--- RECORDED INFORMATION Enclosed Below ---
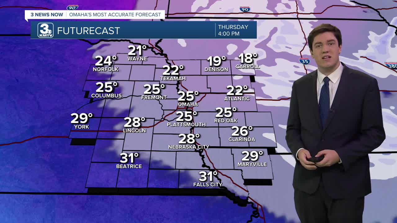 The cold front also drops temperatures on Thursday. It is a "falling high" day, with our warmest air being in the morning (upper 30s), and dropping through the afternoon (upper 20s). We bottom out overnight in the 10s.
--- End of Enclosed RECORDED INFORMATION ---
--- RECORDED INFORMATION Enclosed Below ---
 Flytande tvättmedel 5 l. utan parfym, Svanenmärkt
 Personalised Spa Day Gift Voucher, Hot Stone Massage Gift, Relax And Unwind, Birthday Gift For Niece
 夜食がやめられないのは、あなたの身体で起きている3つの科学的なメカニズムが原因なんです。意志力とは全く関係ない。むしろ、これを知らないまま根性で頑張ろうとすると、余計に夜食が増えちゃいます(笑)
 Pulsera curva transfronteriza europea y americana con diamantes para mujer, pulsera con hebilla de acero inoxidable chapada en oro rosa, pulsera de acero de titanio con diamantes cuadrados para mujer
--- End of Enclosed RECORDED INFORMATION ---
--- RECORDED INFORMATION Enclosed Below ---
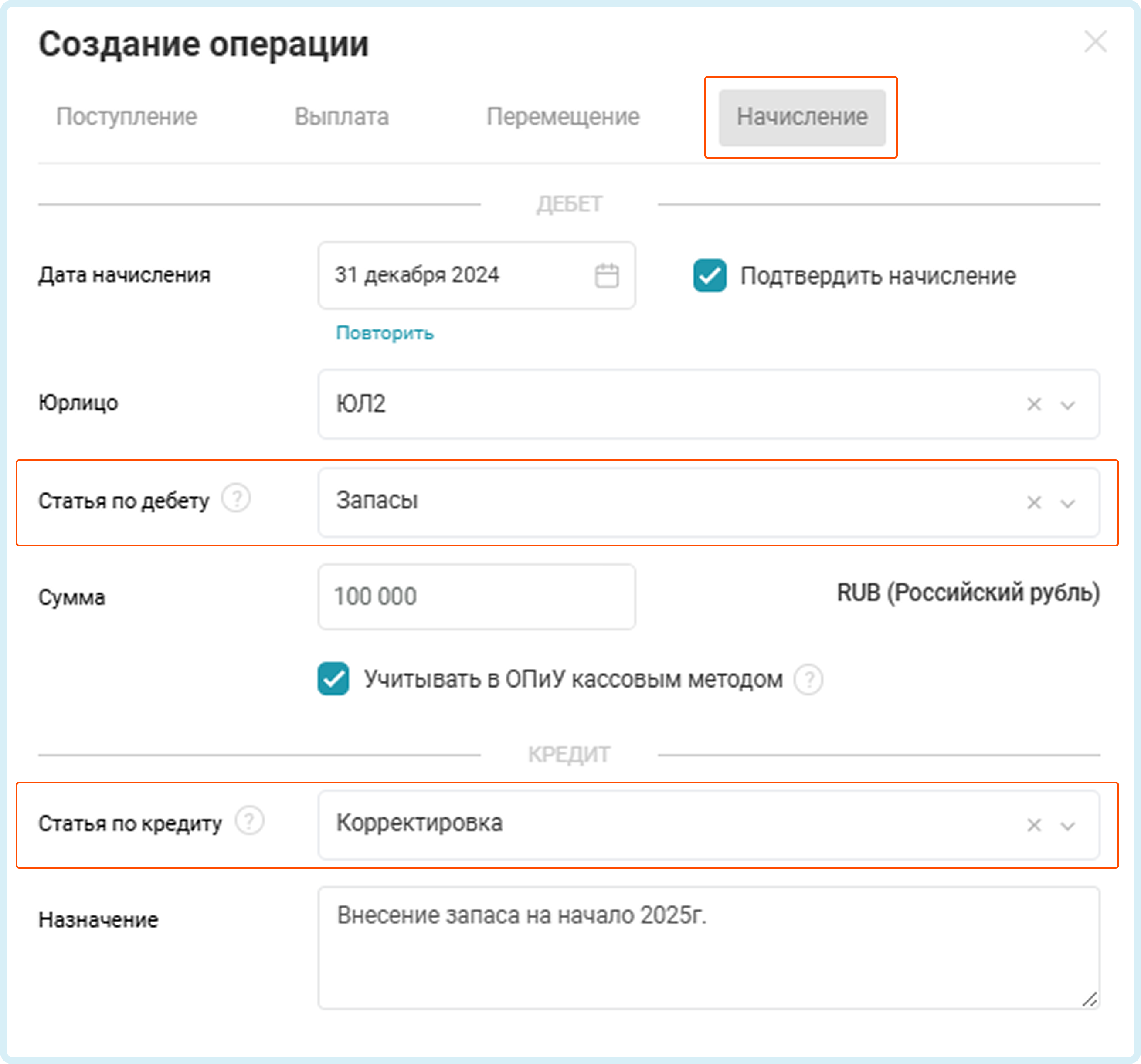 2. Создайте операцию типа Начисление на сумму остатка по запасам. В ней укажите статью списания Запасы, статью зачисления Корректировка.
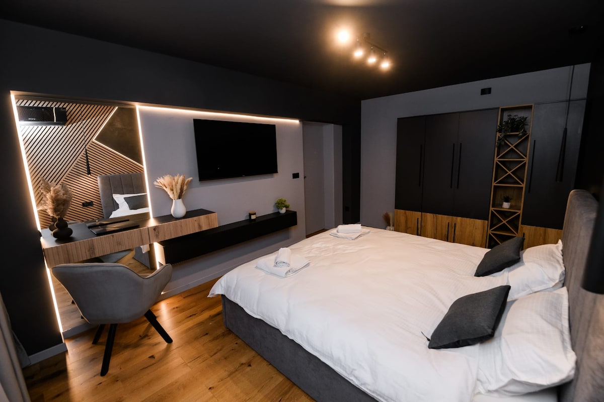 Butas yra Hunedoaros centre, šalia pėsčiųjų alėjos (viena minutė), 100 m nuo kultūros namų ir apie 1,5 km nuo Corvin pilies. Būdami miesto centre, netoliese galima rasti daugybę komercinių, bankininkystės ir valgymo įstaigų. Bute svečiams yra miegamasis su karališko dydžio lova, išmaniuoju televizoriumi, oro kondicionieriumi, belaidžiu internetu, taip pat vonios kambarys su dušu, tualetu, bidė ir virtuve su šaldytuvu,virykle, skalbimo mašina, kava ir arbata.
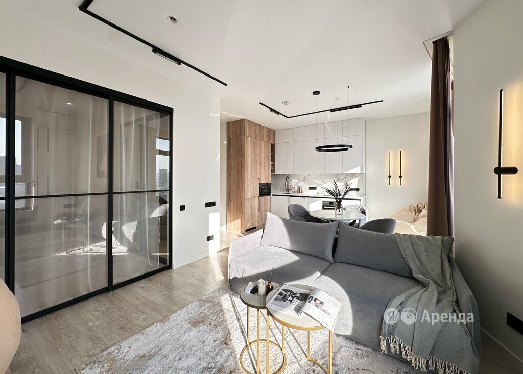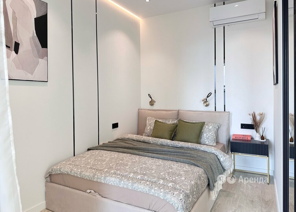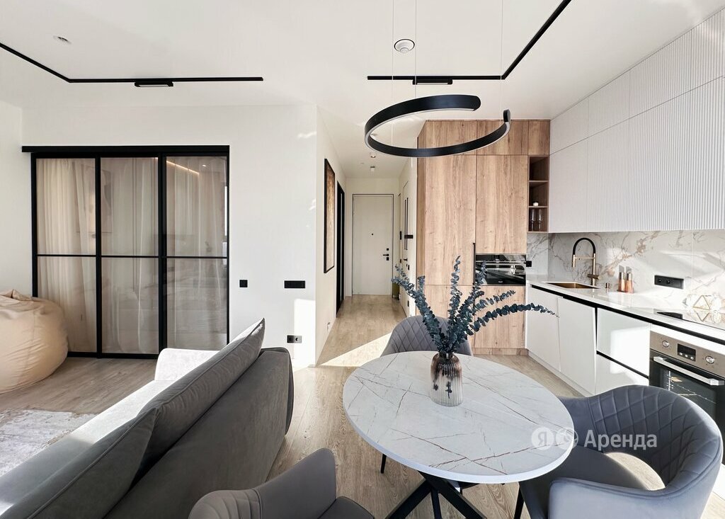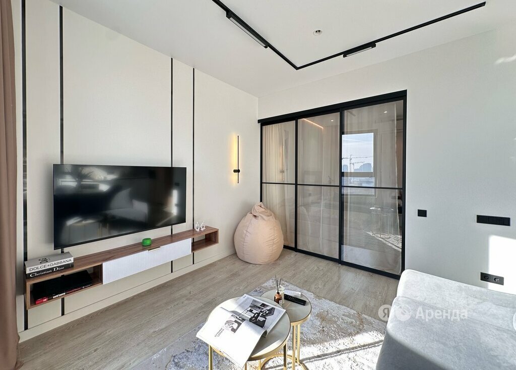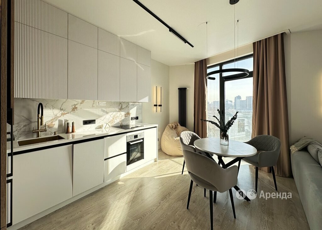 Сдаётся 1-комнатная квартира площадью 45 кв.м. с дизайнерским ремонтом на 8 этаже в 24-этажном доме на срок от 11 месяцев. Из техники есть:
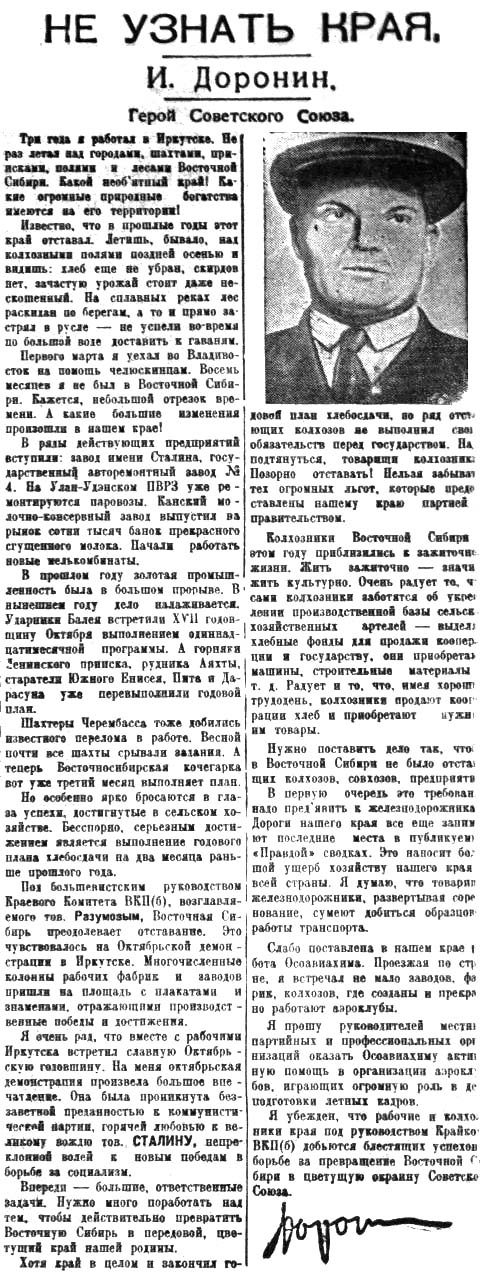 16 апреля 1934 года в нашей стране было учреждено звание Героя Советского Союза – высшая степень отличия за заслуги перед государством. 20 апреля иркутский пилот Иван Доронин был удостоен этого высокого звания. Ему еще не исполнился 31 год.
--- End of Enclosed RECORDED INFORMATION ---
_WORK INSTRUCTIONS:_ A word-for-word reproduction is needed of the lines above from the line containing "Сдаётся 1-комнатная квартира" through the line containing "16 апреля 1934", with both ends kept and no pictures.

_ANSWER BELOW:_
 Сдаётся 1-комнатная квартира площадью 45 кв.м. с дизайнерским ремонтом на 8 этаже в 24-этажном доме на срок от 11 месяцев. Из техники есть:
 16 апреля 1934 года в нашей стране было учреждено звание Героя Советского Союза – высшая степень отличия за заслуги перед государством. 20 апреля иркутский пилот Иван Доронин был удостоен этого высокого звания. Ему еще не исполнился 31 год.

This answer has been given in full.